Transportation Industry
Horse traction in Victorian London
Journal of Transport History, The, Sep 2005 by Turvey, Ralph
Taking the example of bus and tram horses, quantities and costs are shown in Table 9. Maize, first purchased by the LGOC in 1862, had largely replaced oats by 1876, though their relative shares varied through time in response to changes in their relative prices. Maize was also substituted for beans when they rose in price (though not for the horses in infirmaries).40 Sawdust or peat was sometimes used instead of straw as bedding. Such price-induced substitutions made total provender cost fluctuate less than the prices of its components, though substitution was less marked in the case of brewers' splendid horses, which always had to have the best (Table 9).
Figure 2 shows the generally downward trend in provender cost from the 186Os onward; note the difference between provender costs for brewery (Truman Hanbury & Buxton) and bus (North Metropolitan) horses. Fluctuations around this trend reflected harvest variations, such as the extraordinarily poor hay harvests in 1892 and 1893.
Horse prices
Horse prices are difficult to obtain and to analyse because horses are so heterogeneous. Most of the factors determining the price that a particular horse will fetch are neither quantifiable nor even very clearly defined; experts were better at recognising quality than at describing it. Certainly, buyers who knew their business needed to spend quite a bit of time inspecting possible purchases. As a purchaser for the army put it, 'Purchasing horses is laborious work, and by the time that twenty-five or thirty have been examined, passed, and registered, the officers employed will have exhausted much power, both of eye and brain.'41
Size and age, which are quantifiable, were obviously important for any general class of horse. The effect of age is indicated by the average prices paid by Whitbread & Co. over the years 1881-1900, as calculated from a large sample of the purchases recorded in their horse book. These were £75 for four-year-olds (few in number), £79 for five-year-olds, £76 for six-year-olds and £70 for seven-year-olds.42 Lower prices were paid for mares.
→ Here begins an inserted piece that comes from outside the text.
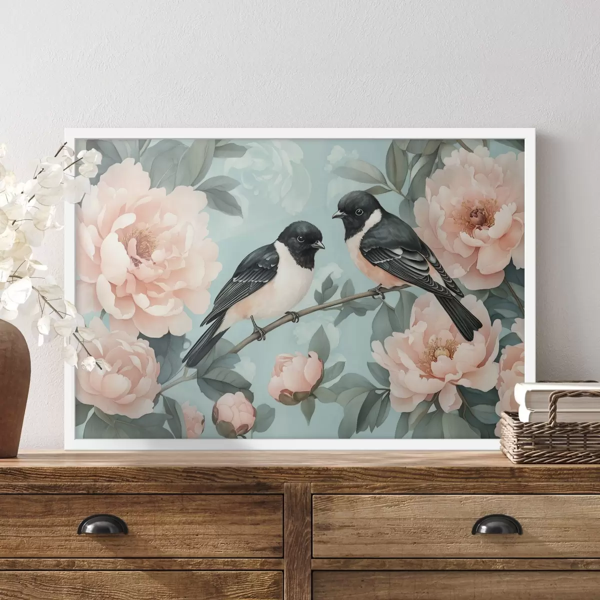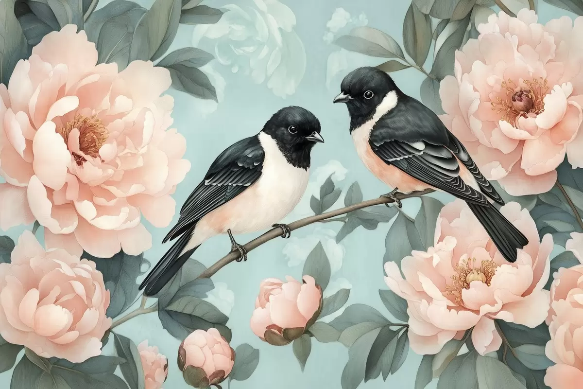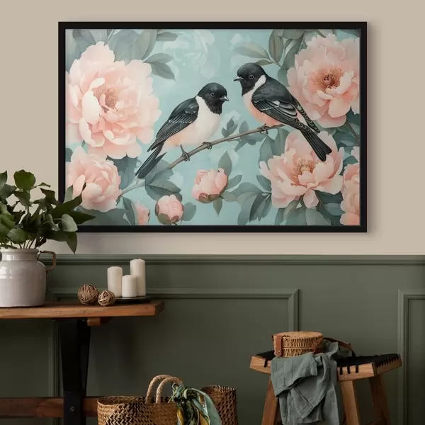 Poster Dos pájaros en la rama con peonías f44786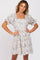 A printed short dress with a ruffle accent square neckline, puff sleeves and tiered body. Dress is double lined.

Nearly all the available records of individual horse purchases, however, are limited to the prices paid, without any description of the animals. The use of mean prices thus entails the hope that nearly all the purchases were of the same type of horse, and it is difficult to know how far such was the case. Thus in 1855, while the Engineer's Department of the North Eastern Railway bought six horses at a uniform price of £50 8s, nineteen horses were bought for the Traffic Department at prices ranging from £25 to £80, an average price of £38 16s.43 In such cases the use of median prices may serve to cut out horses that were different, such as the odd horse bought for a gig to draw a foreman from one stable to another.
The prices paid by commercial purchasers varied a good deal. Figures 3 and 4 display information although they exclude the facts that Barclay Perkins paid fifty guineas for its dray horses in 1837 and 1838, similar to what Courage & Co. paid in the mid-1850s,44 and the book value of Truman Hanbury & Buxton's horses lay around £35 in the years 1837-43, falling to an average of £23 in the years 1849-52.45 Since the number of horses owned was not falling, this decline probably reflects a reduction in the prices that the firm paid for its horses, although its precise timing could be ascertained only if the depreciation method used were known.